Exercise instructions: In the records below, find the line with "- Ganz wunderbar", then copy each line exactly until you have copied the line with "High-intensity focused ultrasound". Leave any picture out.

Data shown:
++++++++
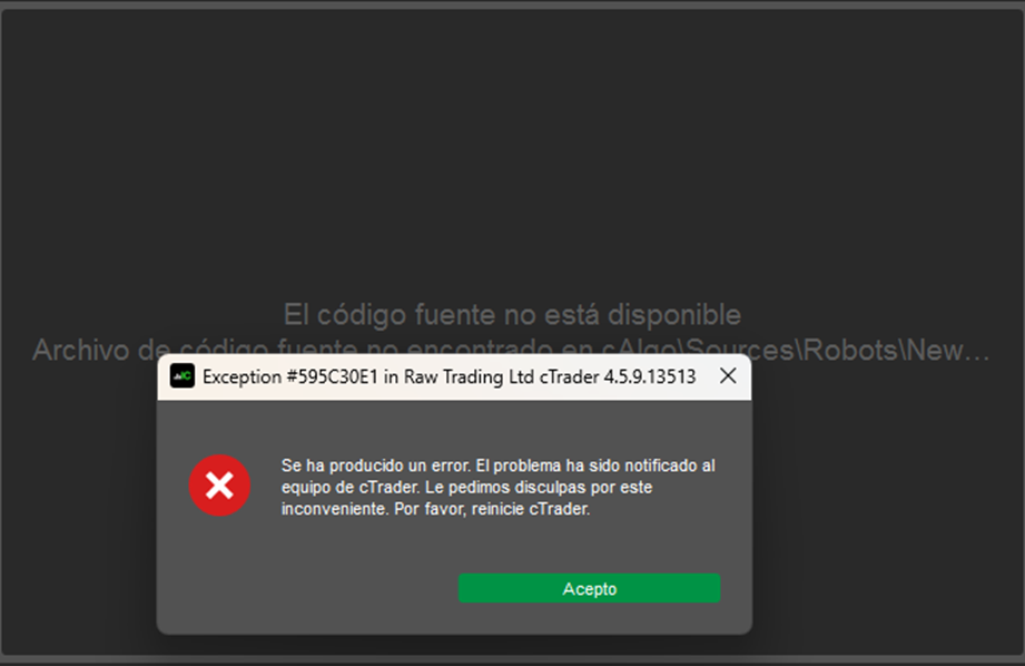 Admin, I restored my computer to factory settings and when I installed ctrader and tried to enter "Automate" it gave me this exception "#595C30E1" in a dialog box that also said to restart ctrader. I have .NET and Nuget installed because I program in VS, the cTrader IDE does not show me any code and it does not show me the cBots and Indicators that it brings by default.
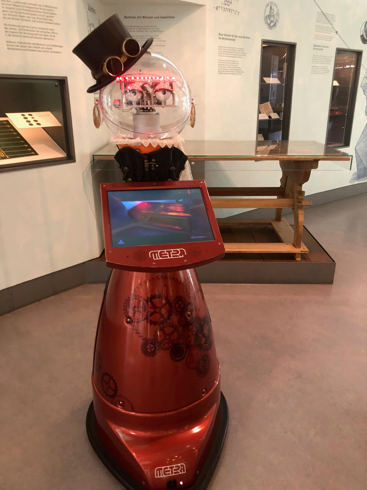 - Ganz wunderbar ist es auch, sich von Peter oder Petra durch die Ausstellung leiten zu lassen: Die beiden Roboter bieten auf ihrem Bildschirm verschiedene Ziele an, führen ihre Gäste auf direktem Weg zum ausgewählten Objekt und erzählen dort die Geschichte dazu. Peter war übrigens zuerst da, und sein Name steht für „Paderborns erster toller Erklärroboter“.
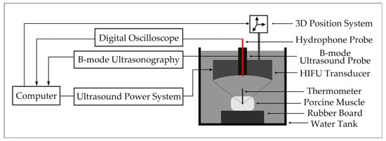 High-intensity focused ultrasound (HIFU) has strong penetrability and focusing capability. As a noninvasive modality for conducting high-temperature thermal therapy, HIFU can focus ultrasonic energy on a target region of the body to kill the cells in the treatment region []. In modern medicine, HIFU is often used to treat diseases such as cancer and tumors [,,]. Overtreatment will cause normal tissue to be damaged, so it is important to monitor whether the biological tissues have been denatured in the HIFU treatment region []. HIFU treatment monitoring has three kinds of monitoring methods, including computed tomography (CT) [,], magnetic resonance imaging (MRI) [,], and ultrasound [,]. However, CT may damage the human body in HIFU monitoring, especially the elderly and children. MRI is also limited due to poor real-time performance, high price, and poor equipment magnetic compatibility. Ultrasound has become a research hotspot for HIFU treatment monitoring due to low cost, good real-time performance, and compatibility with hyperthermia devices [,]. For example, the ultrasound techniques of quantitative ultrasound, ultrasound elastography, and ultrasound entropy imaging are employed to monitor thermal ablations [,,].
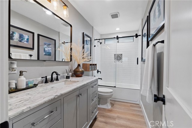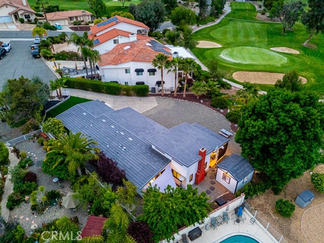 SINGLE story ranch home on the GOLF course with amazing sunset VIEWS almost every single night and a huge, flat POOL SIZED lot with RV potential! Welcome to this exceptionally remodeled 3 bed, 2 bath home featuring a one of a kind detached office/she-shed. This lovely home sits on a sprawling 1/3 of an acre of usable land and is nestled right on the green of the 4th hole of the Canyon Lake Golf Course. With 1,448 square feet of thoughtfully designed living space, this home blends comfort, style and functionality in a prime location. Step inside to an open floor plan with vaulted ceilings and an abundance of natural light through all new windows and doors. The great room flows seamlessly into a stunning modern kitchen, where you'll find a spacious quartz island with counter seating, new beautiful backsplash, custom soft-close cabinetry, stainless steel appliances, a farmhouse sink, updated lighting, wine fridge and a microwave tucked into the island— perfect for entertaining or throwing together some amazing meals with the family. Relax in the cozy living area featuring an elegant fireplace with a custom mantle, vaulted ceilings, lots of windows with great lighting and two huge sliders that look out over your massive backyard, the greenery of the golf course and the mountains beyond. This home showcases fully remodeled bathrooms including a spa-like master bath with a glass-enclosed shower, custom tile work, marble vanity, updated fixtures, new lighting and a sleek barn door for privacy. Additional upgrades include new windows, new doors, new roof, new casing, new trim and fresh paint. The detached versatile shed is equipped with updated floors, lighting shelving, an AC unit and even has an upstairs bunk — ideal for an office, workshop, meditation room or extra storage. This home offers ample parking opportunities and definitely RV potential. Canyon Lake is a distinctive, private gated community designed for golf cart use, featuring a beautiful lake with a ski course, a golf course, extensive hiking, biking, and horse trails, numerous parks and beaches, an elegant community lodge with a restaurant, a remarkable private pool area, sports courts, and much more! Don’t miss your chance to own a slice of paradise in the highly desirable community of Canyon Lake!
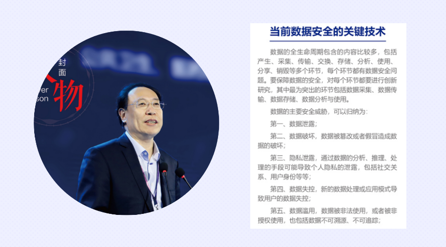 作为数据安全的科研代表,中国科学院院士冯登国应邀成为本期封面人物。冯院士在2021西湖论剑·网络安全大会上发表了关于《数据安全:保障数据高效合理开发利用的基石》的主旨演讲,我们将其收录至本期,继续分享他关于“多种数据安全、隐私保护的关键高可用技术”等方面的真知灼见。
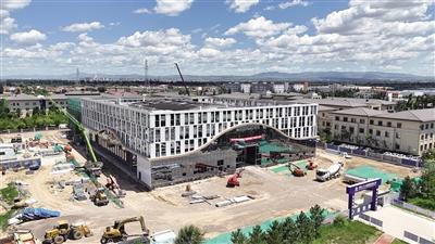 在航空总部基地项目现场,施工有序进行。项目建设单位负责人张蕊介绍,项目主要建设包含办公、会议、培训、食宿等功能的综合业务用房及航材管理附属设施。目前主体已封顶,正进行二次结构施工。
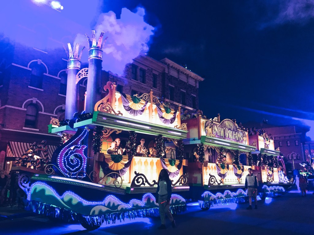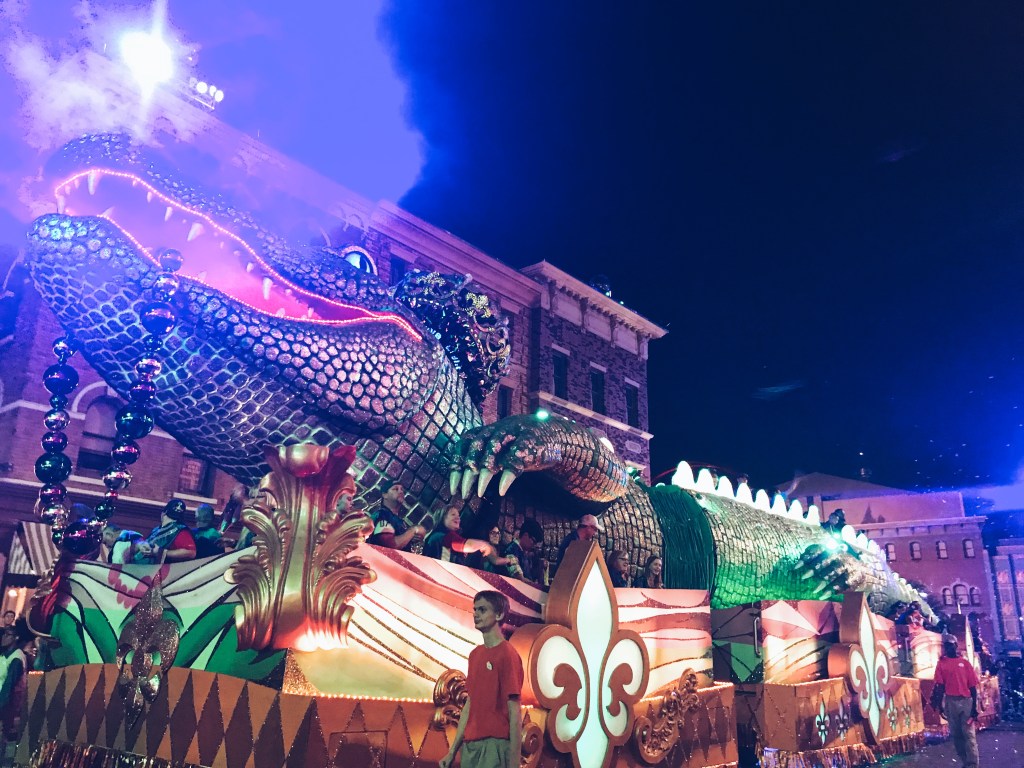 After a leisurely evening of sightseeing, shopping, and eating, we picked up the pace once the sun went down. At night, don’t miss the Mardi Gras parade at Universal Studios! The floats and performers are pretty impressive. It was a ton of fun and I got some awesome photos. After the parade, follow the crowd of people out of Universal, through Islands of Adventure, and back to Hogsmeade to see the nighttime lights show at the Hogwarts castle. We stood on the bridge by the Butterbeer cart and had a perfect view! After the show, turn to your family and friends, high-five them, and make your way back to the shuttles for some well-deserved SLEEP.
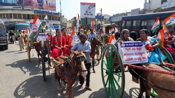ತೈಲ ಬೆಲೆ ಏರಿಕೆ ವಿರುದ್ಧ ಕಾಂಗ್ರೆಸ್ ವಿಭಿನ್ನ ಪ್ರತಿಭಟನೆ
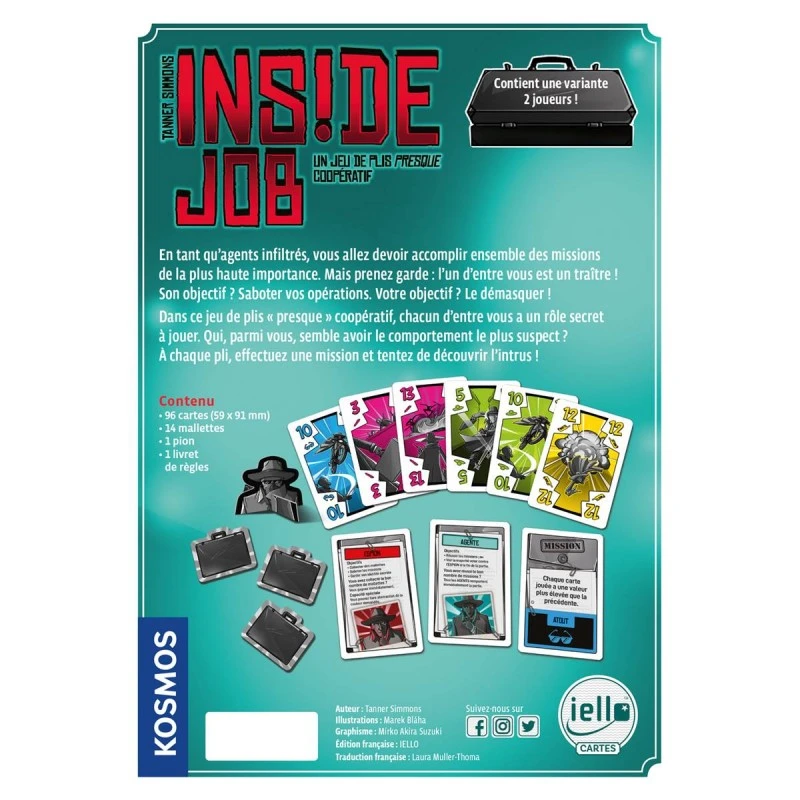 Inside Job est un jeu de plis à très haute tension, dans lequel les joueurs doivent réussir le pli demandé par la carte mission. Chaque carte mission, en effet, indique la manière dont elle doit être résolue et quel est l’atout de la manche en cours.
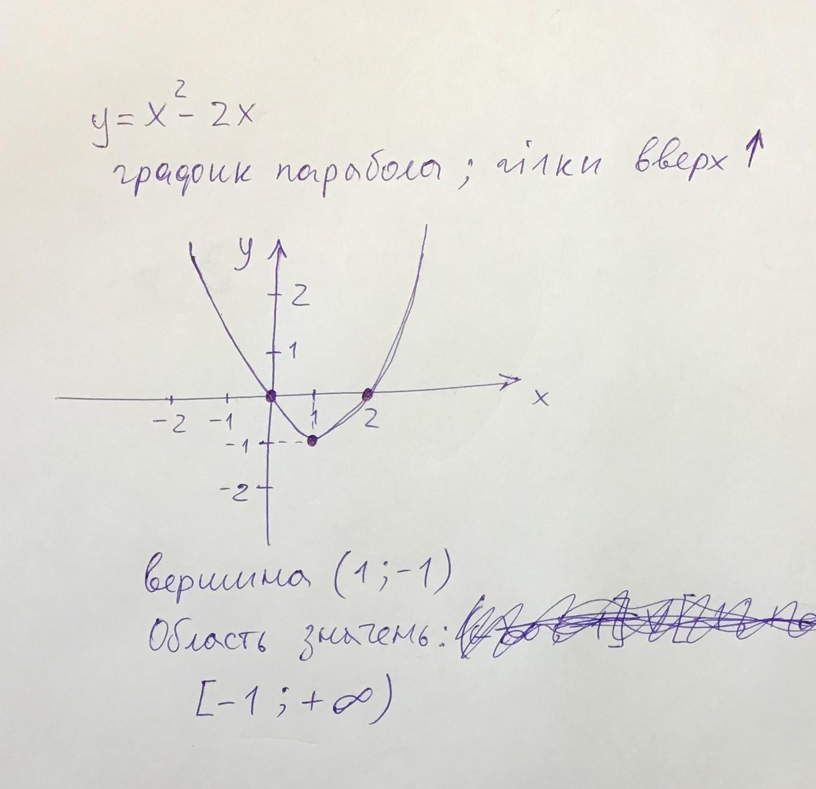 Визначте напрям гілок графіка,знайдіть координати вершин і побудуйте схематично графік функції у=х2-2х. Знайдіть область значень цієї функції.
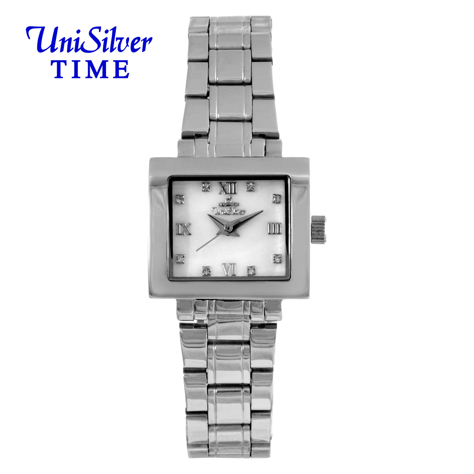 Radiate sophistication with the Delaine Ador timepiece from UniSilver TIME. This gold-plated accessory gleams with its sleek bracelet. The focal point - the off-white dial - sparkles marvelously with crystals for hour indices. The rectangular-shaped dial is the perfect statement for this timeless watch. Watch Care (Stainless Steel Case & Bracelet · Sapphire Crystal) a.) Made for everyday moments. Wipe with a soft, dry cloth to keep it looking its best. b.) Avoid contact with chemicals, perfumes, and extreme heat. c.) Sapphire crystal resists scratches, but avoids hard impacts. d.) Follow the indicated water-resistance rating and keep the crown secured. e.) Store in a dry place when not in use. Periodic servicing helps maintain optimal performance. Over time, fine marks on stainless steel reflect a watch well worn — and well lived.
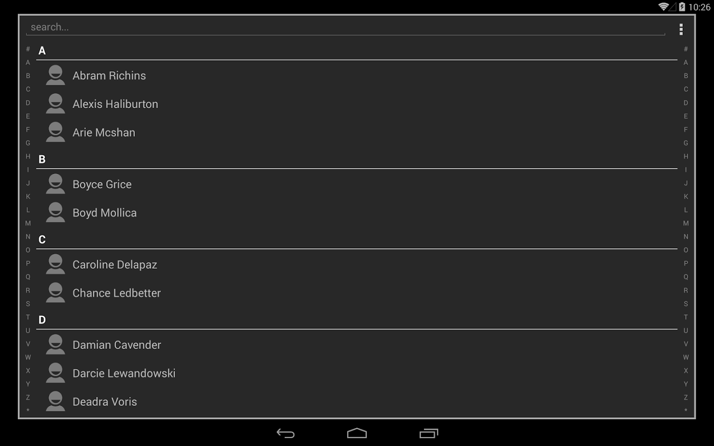 Si no puede recordar la primera letra del nombre de una aplicación / contacto se pueden encontrar de forma rápida utilizando la función de búsqueda en la parte superior, que busca una serie de letras en cualquier parte del nombre de la aplicación / contacto.
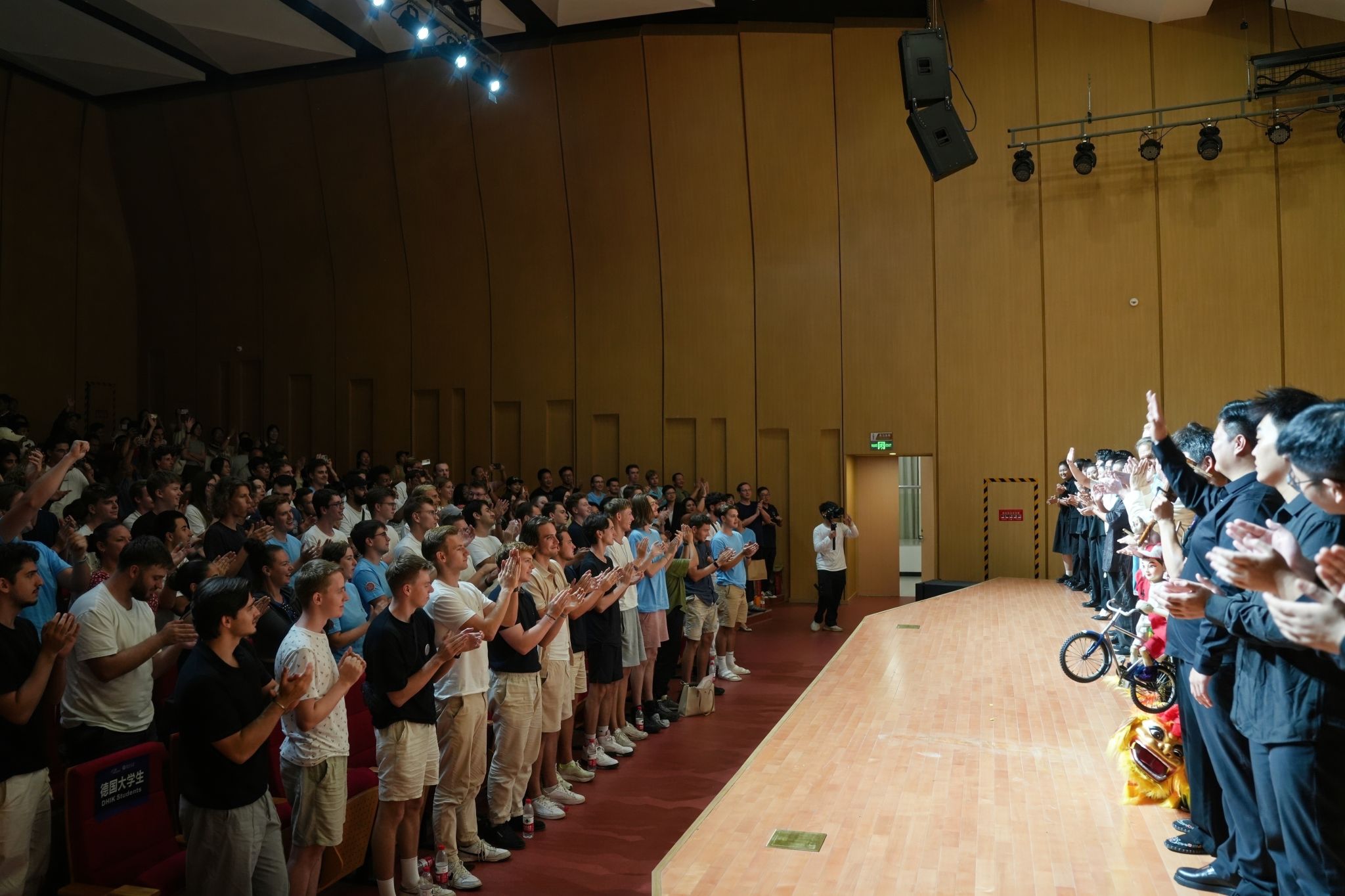 中德青年艺术之夜更是高潮迭起。民乐合奏《风入松》以悠扬的旋律拉开了艺术之夜的序幕,仿佛将人们带入了一幅宁静的山水画卷,展现出中国传统文化的独特魅力。平阳木偶戏《舞狮》和《车技》以其精湛的技艺和生动的表演,赢得了观众们的阵阵喝彩。浙南古琴《平沙落雁》余音袅袅,让人陶醉在古典音乐的深邃魅力之中。女子独舞《春闺梦》优美动人,尽显中国传统文化的婉约之美。男声独唱《心脏》激情澎湃,让现场观众们感受到了音乐的强大力量。琵琶独奏《十面埋伏》气势磅礴,仿佛把人们带回到了古代战场。还有德国学生带来的诗歌朗诵《Erlkǒnig》,让人们感受到了德国文学的别样魅力。钢琴独奏《兰花花》《看秧歌》和《Auf die Freundschaft zwischen Deutschland und China》,以及《Waltz in A minor》,则以优美的旋律展现了中德两国音乐的独特魅力。二胡与钢琴《战马奔腾》以激昂的节奏,展现了中德两国青年的活力与激情。最后,中德大学生互动节目《友谊地久天长》将现场气氛推向了高潮,大家手牵手,共同唱响这首经典的歌曲,表达了对中德友谊的美好祝愿。
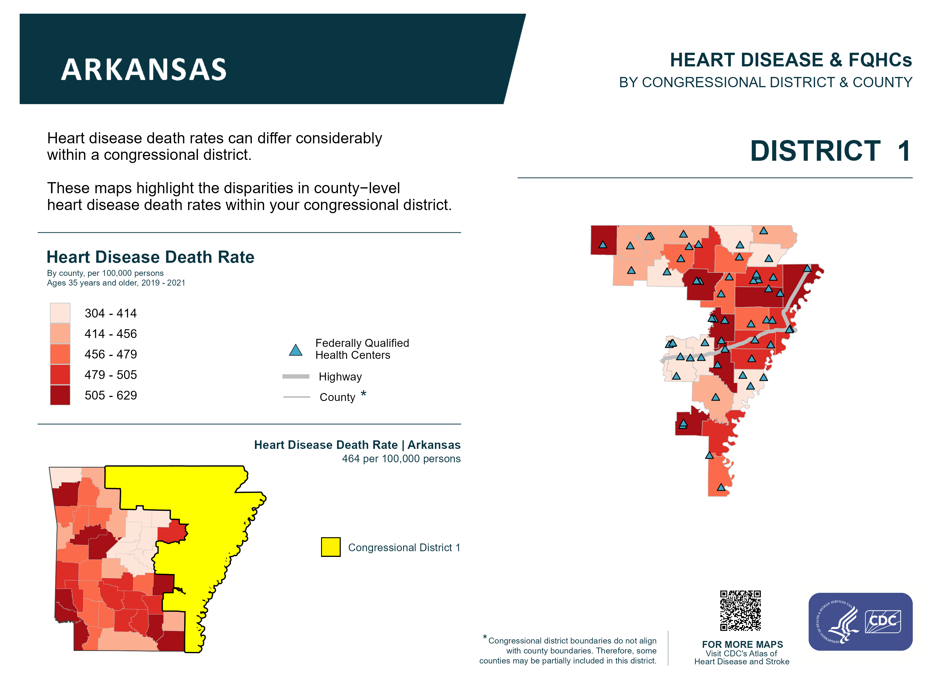 AR: Congressional District 01, Heart Disease and Federally Qualified Health Centers Map [118th Congress]
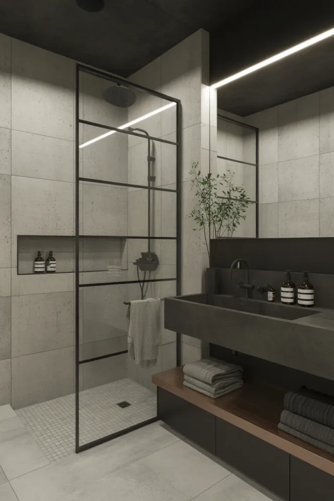 Soft lighting balances the rough materials, preventing the space from feeling harsh. This style feels confident and contemporary, offering a distinctive and stylish bathroom experience.
++++++++
Your response:
 - Ganz wunderbar ist es auch, sich von Peter oder Petra durch die Ausstellung leiten zu lassen: Die beiden Roboter bieten auf ihrem Bildschirm verschiedene Ziele an, führen ihre Gäste auf direktem Weg zum ausgewählten Objekt und erzählen dort die Geschichte dazu. Peter war übrigens zuerst da, und sein Name steht für „Paderborns erster toller Erklärroboter“.
 High-intensity focused ultrasound (HIFU) has strong penetrability and focusing capability. As a noninvasive modality for conducting high-temperature thermal therapy, HIFU can focus ultrasonic energy on a target region of the body to kill the cells in the treatment region []. In modern medicine, HIFU is often used to treat diseases such as cancer and tumors [,,]. Overtreatment will cause normal tissue to be damaged, so it is important to monitor whether the biological tissues have been denatured in the HIFU treatment region []. HIFU treatment monitoring has three kinds of monitoring methods, including computed tomography (CT) [,], magnetic resonance imaging (MRI) [,], and ultrasound [,]. However, CT may damage the human body in HIFU monitoring, especially the elderly and children. MRI is also limited due to poor real-time performance, high price, and poor equipment magnetic compatibility. Ultrasound has become a research hotspot for HIFU treatment monitoring due to low cost, good real-time performance, and compatibility with hyperthermia devices [,]. For example, the ultrasound techniques of quantitative ultrasound, ultrasound elastography, and ultrasound entropy imaging are employed to monitor thermal ablations [,,].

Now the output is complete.